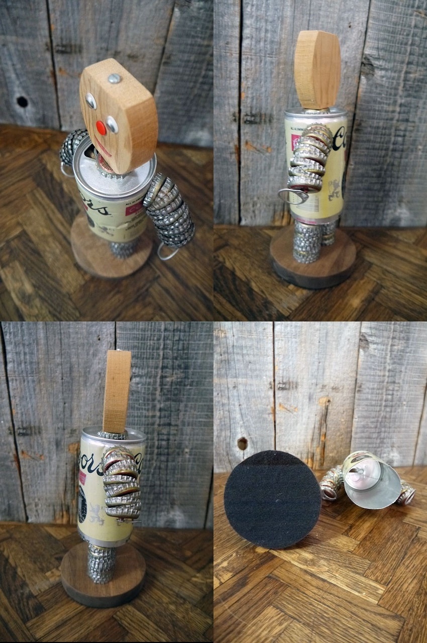 アメリカで買い付けたビンテージのCOORS リメイクボトル人形になります。アメリカの人気ビールメーカー銘柄coorsの空き缶&ボトルキャップを使用した当時の人形で、アメリカンなカラーリング&デザインが可愛らしいです。本体部分を上げるとギミックがでます。軽いメタル×ウッド素材で、表記はありませんがデザインから1970年代頃になります。古い商品になりますのでディスプレイとしてご使用下さい。状態は経年による傷、汚れ、缶の凹み、多少の傾き、底面部分のリペアやフェルト貼りなどはありますがディスプレイには問題ない雰囲気のある状態かと思います。あくまでビンテージですのでご理解いただける方のご購入をよろしくお願いします。
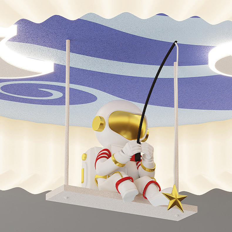 現代的でクリエイティブな宇宙飛行士の丸型アイアンアクリルLEDフラッシュマウントシーリングライト寝室用
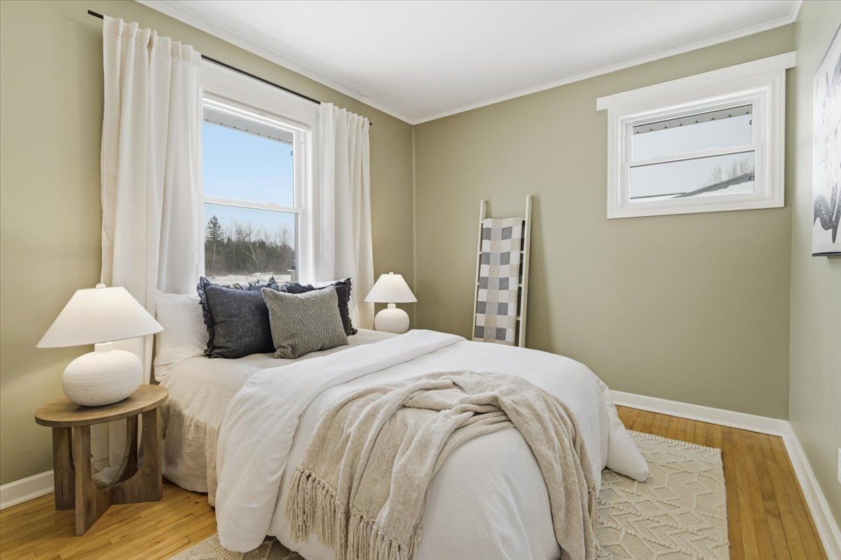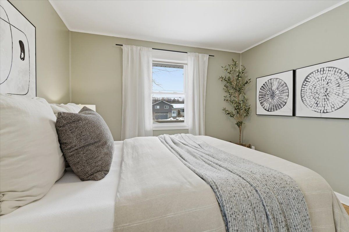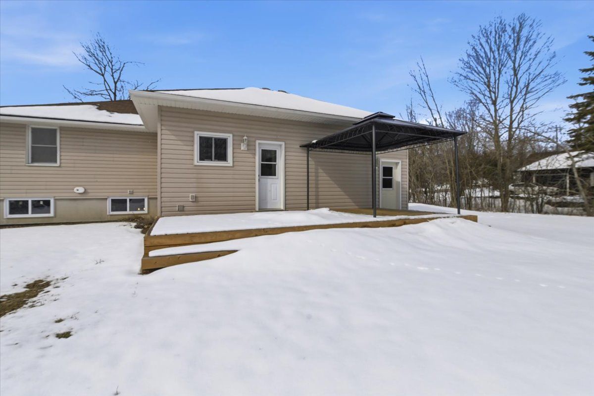 Charming 2+1 bedroom home set on a generous in town lot with no rear neighbours and a treed backdrop. Located on a quiet street steps from in town amenities and within walking distance to the waterfront with a boat launch at the end of the street. Bright and inviting with large windows that bring in natural light, the home offers comfortable everyday living with a functional layout and welcoming main living space. The original home was built in 1950 and relocated to this property in 2009 where it was placed on a new poured concrete foundation with updated walls plumbing and wiring. Includes an attached deep garage with room for a vehicle along with tools or extra storage. Hardwood flooring runs through the living room and main floor bedrooms. The finished basement features 10 ft ceilings and includes a spacious family room or rec room with an electric fireplace, a large additional bedroom with walk in closet and a 3 piece ensuite, along with laundry and ample storage throughout the home.
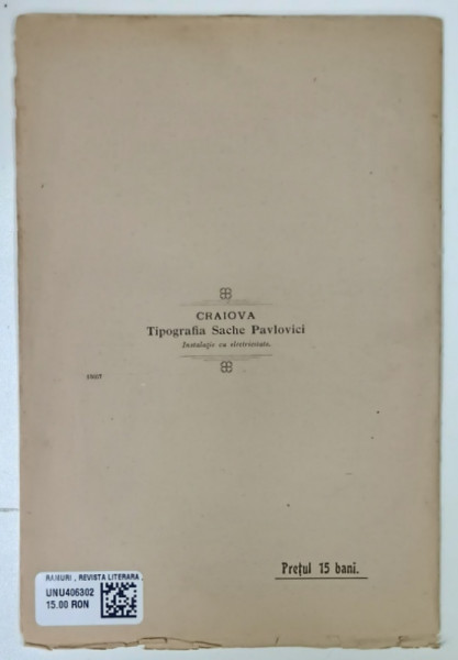 RAMURI , REVISTA LITERARA , ANUL VI , NO. 9 , 1910
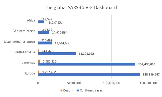 - World Health Organization. WHO Coronavirus Disease 2019 (COVID-19) Dashboard. Available online: https://covid19.who.int/ (accessed on 28 January 2022).
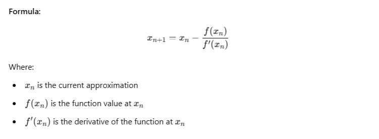 This function iterates using the Newton-Raphson formula. It keeps refining the guess until the function value is close to zero, indicating a root.
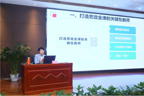 4月11日下午,教育部思想政治理论课教学指导委员会“高职高专”分教指委委员、山东商业职业技术学院马克思主义学院院长王岳喜以《打造思政金课 培育时代新人》为题作专题报告。王岳喜强调打造思政金课关键在教师、依据在学生,以《峥嵘-党史情景沙盘》思政金课为指引,指出思政金课增质的根本在方法,并为打造思政金师提出指导意见,为新时代锻造可信可敬可靠、乐为敢为有为的思政课教师队伍提供了思路。

***

> **Work instruction**: Transcribe all entries above exactly. Drop the pictures.

> **Solution**:
 アメリカで買い付けたビンテージのCOORS リメイクボトル人形になります。アメリカの人気ビールメーカー銘柄coorsの空き缶&ボトルキャップを使用した当時の人形で、アメリカンなカラーリング&デザインが可愛らしいです。本体部分を上げるとギミックがでます。軽いメタル×ウッド素材で、表記はありませんがデザインから1970年代頃になります。古い商品になりますのでディスプレイとしてご使用下さい。状態は経年による傷、汚れ、缶の凹み、多少の傾き、底面部分のリペアやフェルト貼りなどはありますがディスプレイには問題ない雰囲気のある状態かと思います。あくまでビンテージですのでご理解いただける方のご購入をよろしくお願いします。
 現代的でクリエイティブな宇宙飛行士の丸型アイアンアクリルLEDフラッシュマウントシーリングライト寝室用
 Charming 2+1 bedroom home set on a generous in town lot with no rear neighbours and a treed backdrop. Located on a quiet street steps from in town amenities and within walking distance to the waterfront with a boat launch at the end of the street. Bright and inviting with large windows that bring in natural light, the home offers comfortable everyday living with a functional layout and welcoming main living space. The original home was built in 1950 and relocated to this property in 2009 where it was placed on a new poured concrete foundation with updated walls plumbing and wiring. Includes an attached deep garage with room for a vehicle along with tools or extra storage. Hardwood flooring runs through the living room and main floor bedrooms. The finished basement features 10 ft ceilings and includes a spacious family room or rec room with an electric fireplace, a large additional bedroom with walk in closet and a 3 piece ensuite, along with laundry and ample storage throughout the home.
 RAMURI , REVISTA LITERARA , ANUL VI , NO. 9 , 1910
 - World Health Organization. WHO Coronavirus Disease 2019 (COVID-19) Dashboard. Available online: https://covid19.who.int/ (accessed on 28 January 2022).
 This function iterates using the Newton-Raphson formula. It keeps refining the guess until the function value is close to zero, indicating a root.
 4月11日下午,教育部思想政治理论课教学指导委员会“高职高专”分教指委委员、山东商业职业技术学院马克思主义学院院长王岳喜以《打造思政金课 培育时代新人》为题作专题报告。王岳喜强调打造思政金课关键在教师、依据在学生,以《峥嵘-党史情景沙盘》思政金课为指引,指出思政金课增质的根本在方法,并为打造思政金师提出指导意见,为新时代锻造可信可敬可靠、乐为敢为有为的思政课教师队伍提供了思路。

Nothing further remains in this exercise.